===== Raw data =====

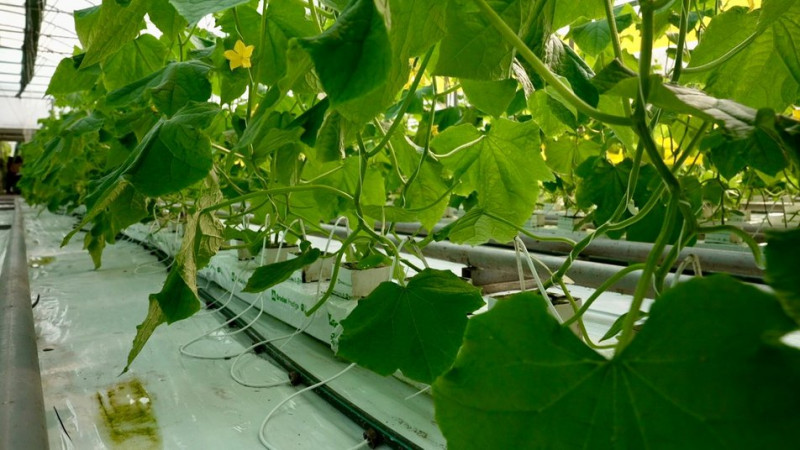 Один момент, який ми не можемо врегулювати в теплиці, — це сонце. Якщо є сонце — у нас тоді щедрий, гарний урожай. Нічна температура повинна бути 18-19 градусів тепла, денна при сонячному дні +25, при похмурому — 21-22 градуси. Це все регулюється вентиляцією, опаленням, яке йде по теплиці. Огірок, як ми всі знаємо, на 90% складається з води, і поливи — це дуже важливо. Якість води і контроль за цим".
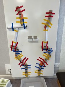 Nicht nur in den Forscherwochen erleben die Kinder die Bereiche Mathematik, Informatik, Naturwissenschaft und Technik (MINT), sondern jeden Tag im Kitaalltag. So wurde aus einfachen Alltagsmaterialien eine Murmelbahn gebaut, an der die Kinder in den verschiedenen Bereichen ihr Wissen erforschen und anwenden können.
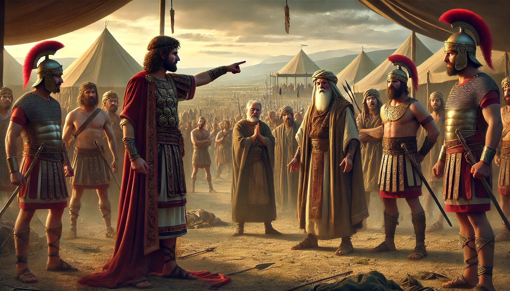 Mais la présence de David suscite l’inquiétude. Les princes des Philistins le reconnaissent immédiatement : David, l’Hébreu, le célèbre guerrier dont on chantait qu’il avait frappé des dizaines de milliers d’ennemis. La méfiance s’installe. Pour eux, un homme avec un tel passé pourrait devenir l’ennemi au moment décisif. Le souvenir de la renommée de David est plus fort que toute loyauté actuelle.

=====

◆ **What you are asked to do**
Give back the whole listing exactly as it stands. No pictures belong in the copy.

◆ **Solution**
 Один момент, який ми не можемо врегулювати в теплиці, — це сонце. Якщо є сонце — у нас тоді щедрий, гарний урожай. Нічна температура повинна бути 18-19 градусів тепла, денна при сонячному дні +25, при похмурому — 21-22 градуси. Це все регулюється вентиляцією, опаленням, яке йде по теплиці. Огірок, як ми всі знаємо, на 90% складається з води, і поливи — це дуже важливо. Якість води і контроль за цим".
 Nicht nur in den Forscherwochen erleben die Kinder die Bereiche Mathematik, Informatik, Naturwissenschaft und Technik (MINT), sondern jeden Tag im Kitaalltag. So wurde aus einfachen Alltagsmaterialien eine Murmelbahn gebaut, an der die Kinder in den verschiedenen Bereichen ihr Wissen erforschen und anwenden können.
 Mais la présence de David suscite l’inquiétude. Les princes des Philistins le reconnaissent immédiatement : David, l’Hébreu, le célèbre guerrier dont on chantait qu’il avait frappé des dizaines de milliers d’ennemis. La méfiance s’installe. Pour eux, un homme avec un tel passé pourrait devenir l’ennemi au moment décisif. Le souvenir de la renommée de David est plus fort que toute loyauté actuelle.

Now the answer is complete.